Now, to address these kinds of issues, we don't require a profiler that will help us analyze the call stack of the application and provide us details about how much time an individual call took. Instead, what we need here is a profiler that can tell us about the memory trends of an application, such as how much memory individual methods might be consuming and how that memory grows as the application continues to run.

This is the place where memory_profiler comes in, which is a third-party module that we can easily include in our application to allow memory profiling. But, before we dive into how to use memory_profiler, we need to get the module into our development environment first. The following line of code fetches the required module into our development environment:

pip install memory_profiler

Once the memory profiler has been fetched into the developer environment, we are now ready to get up and running with it. Let's take a look at a sample program and see how we can use memory_profiler to understand the memory usage patterns of our application.
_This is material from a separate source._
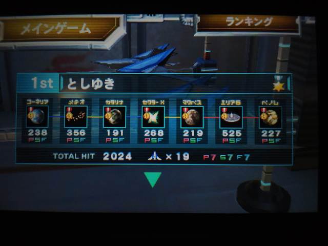 今回は「黒き英雄ゼクロム」のほうを観に行ってきました。 先週観に行った「白き英雄レシラム」とは 大まかな内容は同じですが、 登場するポケモンに違いをつけたり、双方で違う視点で見ていたりと、 違いを見つけるのも面白い。 先週買いそびれたパンフレットやグッズも買ってきました。 映画の記念メダルにストラップ。 ストラップは さすがに取り付けた物を傷つける恐れもあってか、 ストラップとして使うことに 躊躇してしまいそう。 しかし、金属なグッズは やはり重みがちがいます。 メダルの裏はビクティニが描かれています。 今回のパンフレットで面白いと思ったのは・・・ このページ。 付属のレンズを使うと・・・ ビクティニが浮かんで見えるという仕掛け。なかなか凝ってます。 今回 ちょっとお隣さんの声が気になったのですが、 館内で買ったポップコーンを持って席についたら、 「ポップコーン臭がする」と言い出したのです。 まるで食う気の失せる言い方をしてくれる。 何か言うにしても、もう少しいい言い方はなかったのか? やりました! 「スターフォックス64 3D」で、初の2000点突破! 64時代からも なしえなかった2000点突破を、 時代を越えて ようやく成功させました。 今までは セクターY方面で進めていたけど、進路を変更。 コーネリアでは 今までくぐっていなかったゲートがあり、逃していた敵がいたもよう。 ガルーダは破壊した後も、チャージ弾の爆風のみを残った下半身パーツに当てれば、 +1HITが稼げるので、それも狙ってみる。 メテオのワープゾーンでは,惜しみなくボムを使用、そして十分に回収。 カタリナでは たまにチャージ弾での誘爆を狙ってみるのもよし。 エリア6では アン・ブレラの破壊を優先しながら戦闘機にもチャージ弾などで応戦。 キラービー出現地帯は キラービーよりもアン・ブレラを優先したほうがよさそう。 後半の戦艦も、砲台をチャージ弾で破壊しつつ、ブリッジを攻撃し、本体の破壊も目指したい。 攻略サイトを見るなりして、今までも通っていたコーネリア、マクベス、エリア6は、 足りなかった部分を補うなどして、 他のステージも 自分なりに攻略法を模索して がんばりました。 コツとしては 出来る限り誘爆ボーナスを狙っていく事に意識するよりも、 出てきた敵を 確実に狙っていくつもりのほうがいいかもしれない。 逃したら 元も子もないわけですからね。 ただちょっと見直すだけでも エリア6で当たり前のように500点を取れるようになるなど、 確実に上達すると思います。 多少の妥協を許す程度の余裕があった方が いいかもしれないですね。 そしてオリジナルのロクヨン版にもチャレンジ。 Wiiのバーチャルコンソールのほうですが。 だんだん当たり前のように取れるようになってきました。 もう上級者の仲間入りですかね。 それから個人的にもシューティングゲームの最高峰と言えば、 「スターフォックス」しかないですね。 今 シューティングゲームと言えば、億単位にまでインフレしたスコア、 大量に出る弾幕を回避し続けるようなゲーム性、 弾幕や風景など、見た目を華やかにすればいいと思っているような雰囲気、 かなりマニアックな印象に思えますし、中でも個人的には 「弾幕はシューティングの逃げ道」に思っているぐらいです。 スターフォックスは 狙う、通過する、回避するという物の中の、 原点の面白さを追求しており、 戦闘機を操縦して敵と戦うという実感が持てるゲームだと思うのです。 そしてシューティングの中でも「スターフォックス」は異端な存在とは思いたくはないですね。 むしろ 純粋な進化がこうあるべきなんじゃないかと。 ニンテンドウ64やゲームキューブで発売された 「スター・ウォーズ ローグスコードロン」シリーズも スターフォックスと同様の楽しさが追求された いいゲームだと思いましたが、 今では そういうものが少なすぎるのではないかと。 もっと シューティングで表現できる楽しさを追求してもらいたいものです。

The following code snippet shows us an example of how we can use memory_profiler:

from memory_profiler import profile

@profile
def calc_sum():
sum = 0
for i in range(100):
sum = sum + i
print(str(sum))

if __name__ == '__main__':
calc_sum()

Now, with the code in place, let's try to understand what we did here.

At the start, we imported a decorator known as profile, which is provided by the memory_profiler library. This decorator is used to notify memory_profiler of which methods needs to be profiled for the memory usage.

To enable memory profiling for a method, all we need to do is decorate that method with the decorator. For example, in our sample application code, we decorated the calc_sum() method with the decorator.

Now, let's run our sample code and see what we get as an output by running the following command:

python3 memory_profile_example.py

Once the command is executed, we get the following output:

4950
Filename: memory_profile.py

Line # Mem usage Increment Line Contents
================================================
3 11.6 MiB 11.6 MiB @profile
4 def calc_sum():
5 11.6 MiB 0.0 MiB sum = 0
6 11.6 MiB 0.0 MiB for i in range(100):
7 11.6 MiB 0.0 MiB sum = sum + i
8 11.6 MiB 0.0 MiB print(str(sum))

As we can see from the preceding output, we got some detailed statistics about the memory allocation for the method. The output provided us information about how much memory was being used and how much memory increment each of the steps caused to the application.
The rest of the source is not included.